National Malaria and Leishmania Control Programme, Ministry of Public Health, Kabul, Afghanistan.
World Health Organization, Kabul, Afghanistan.
Malar J. 2019 Jul 26;18(1):249. doi: 10.1186/s12936-019-2884-x.
Insecticide resistance of Anopheles stephensi, the main malaria vector in eastern Afghanistan, has been reported previously. This study describes the biochemical and molecular mechanisms of resistance to facilitate effective vector control and insecticide resistance management.

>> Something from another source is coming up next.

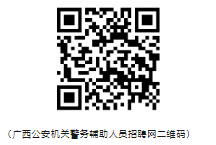 5.網(wǎng)上報(bào)名:應(yīng)聘人員登錄廣西公安機(jī)關(guān)警務(wù)輔助人員招聘網(wǎng)(https://fjgl.gat.gxzf.gov.cn:9099/)或掃描以下二維碼進(jìn)行網(wǎng)上報(bào)名。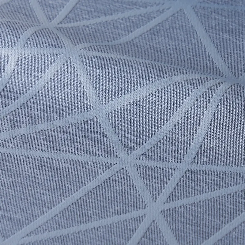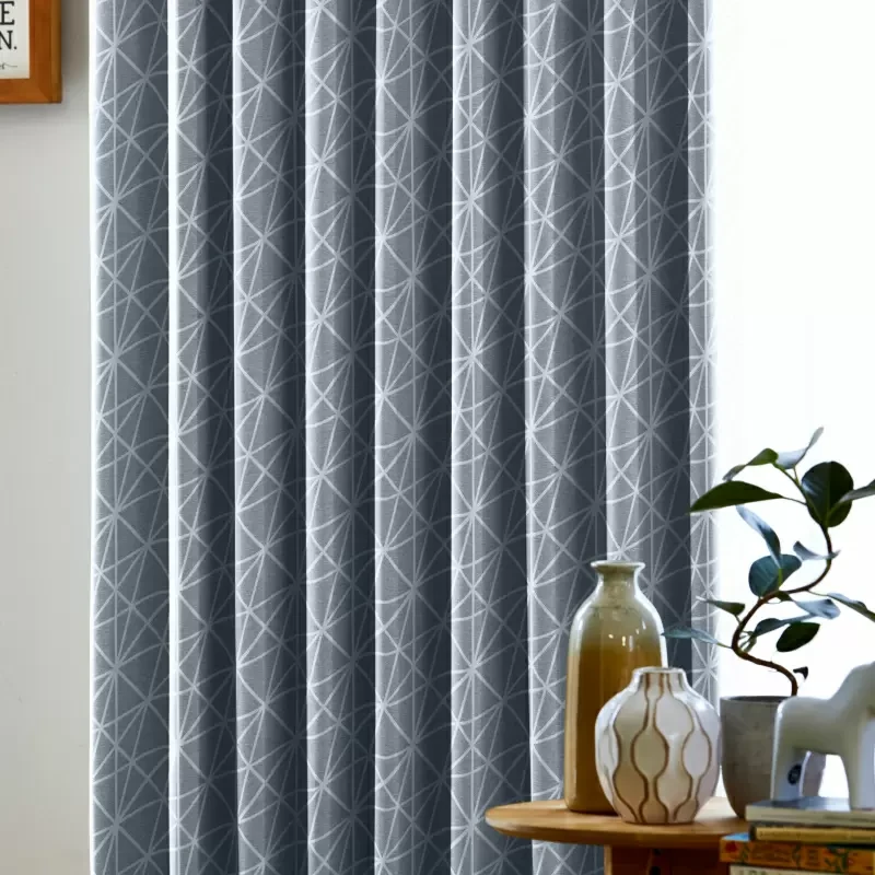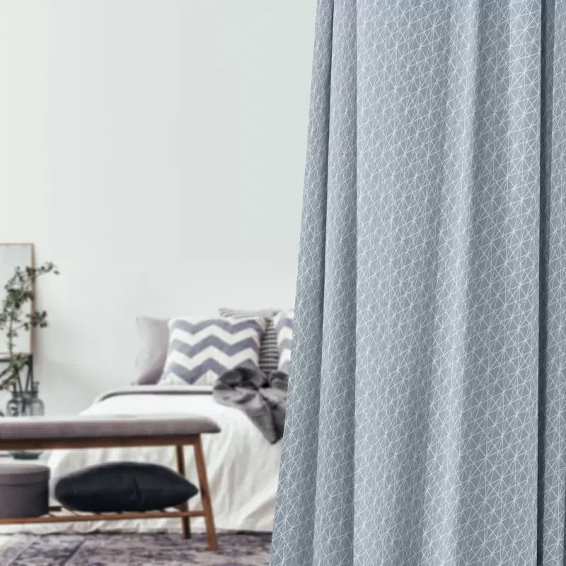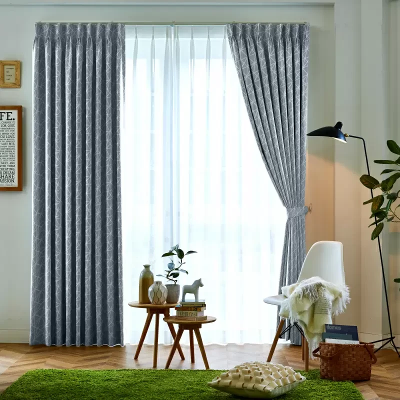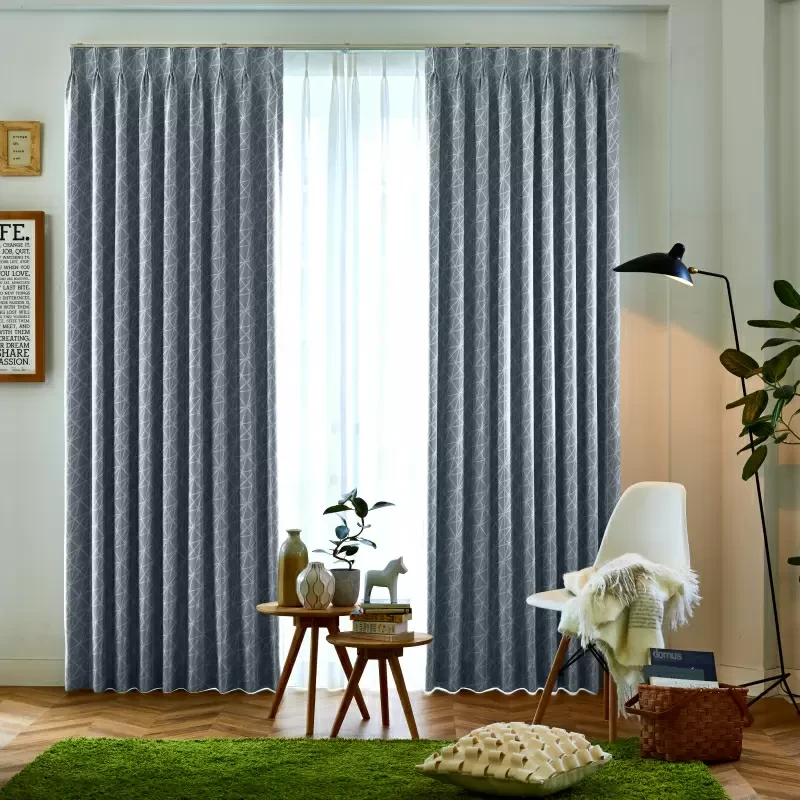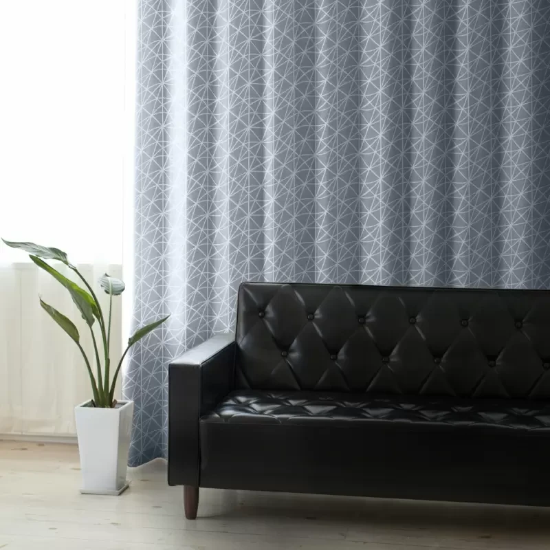 レーザービームを交差させたような、シャープでスタイリッシュな幾何紋様が美しい、小紋柄シリーズ遮光ドレープです。織り?染めまでの工程をすべて日本国内で行っており、品質は折り紙付きです。

Mosquito larvae were collected from the provinces of Kunar, Laghman and Nangarhar from 2014 to 2017. The susceptibility of the reared 3-4 days old adults was tested with deltamethrin 0.05%, bendiocarb 0.1%, malathion 5%, permethrin 0.75% and DDT 4%. Cytochrome P450 content and general esterase, glutathione S-transferase (GST) and acetylcholinesterase (AChE) activities were measured in the three field populations and the results were compared with those of the laboratory susceptible An. stephensi Beech strain. Two separate allele-specific PCR assays were used to identify L1014, L1014F and L1014S mutations in the voltage gated sodium channel gene of An. stephensi. Probit analysis, ANOVA and Hardy-Weinberg equilibrium were used to analyse bioassay, biochemical assay and gene frequency data respectively.
The population of An. stephensi from Kunar was susceptible to bendiocarb, apart from this, all populations were resistant to all the other insecticides tested. The differences between all values for cytochrome P450s, general esterases, GSTs and AChE inhibition rates in the Kunar, Laghman and Nangarhar populations were statistically significant when compared to the Beech strain, excluding GST activities between Kunar and Beech due to the high standard deviation in Kunar. The three different sodium channel alleles [L1014 (wild type), L1014F (kdr west) and L1014S (kdr east)] were all segregated in the Afghan populations. The frequencies of kdr east mutation were 22.9%, 32.7% and 35% in Kunar, Laghman and Nangarhar populations respectively. Kdr west was at the lowest frequency of 4.44%.
Resistance to different groups of insecticides in the field populations of An. stephensi from Kunar, Laghman and Nangarhar Provinces of Afghanistan is caused by a range of metabolic and site insensitivity mechanisms, including esterases, cytochrome P450s and GSTs combined with AChE and sodium channel target site insensitivity. The intensity and frequency of these mechanisms are increasing in these populations, calling for urgent reorientation of vector control programmes and implementation of insecticide resistance management strategies.
先前已有报道称,阿富汗东部主要疟疾传播媒介致倦库蚊对杀虫剂已产生抗药性。本研究旨在描述其抗药性的生化和分子机制,以促进有效控制病媒和管理杀虫剂抗性。
从 2014 年至 2017 年,从库纳尔、拉格曼和楠格哈尔三省采集蚊幼虫。对饲养 3-4 天的成虫进行测试,使用的杀虫剂有氯菊酯 0.05%、丁醚脲 0.1%、马拉硫磷 5%、氯氰菊酯 0.75%和滴滴涕 4%。在三个野外种群中测量细胞色素 P450 含量和一般酯酶、谷胱甘肽 S-转移酶 (GST) 和乙酰胆碱酯酶 (AChE) 活性,并将结果与实验室敏感的致倦库蚊比伊株进行比较。使用两个单独的等位基因特异性 PCR 检测来鉴定致倦库蚊电压门控钠通道基因中的 L1014、L1014F 和 L1014S 突变。采用概率单位分析、方差分析和哈迪-温伯格平衡分别分析生物测定、生化测定和基因频率数据。
库纳尔种群对丁醚脲敏感,除此之外,所有种群对测试的所有其他杀虫剂均具有抗药性。库纳尔、拉格曼和楠格哈尔种群的细胞色素 P450s、一般酯酶、GSTs 和 AChE 抑制率的所有值与比伊株相比均存在统计学差异,除了由于库纳尔种群的标准偏差较大而导致 GST 活性在库纳尔和比伊株之间没有差异。阿富汗种群中存在三种不同的钠通道等位基因 [L1014(野生型)、L1014F(kdr west)和 L1014S(kdr east)]。库纳尔、拉格曼和楠格哈尔种群的 kdr east 突变频率分别为 22.9%、32.7%和 35%。kdr west 的频率最低,为 4.44%。
库纳尔、拉格曼和楠格哈尔三省致倦库蚊野外种群对不同杀虫剂组的抗药性是由一系列代谢和靶标不敏感机制引起的,包括酯酶、细胞色素 P450s 和 GSTs 与 AChE 和钠通道靶标不敏感相结合。这些机制的强度和频率在这些种群中正在增加,这就要求紧急调整病媒控制方案,并实施杀虫剂抗性管理策略。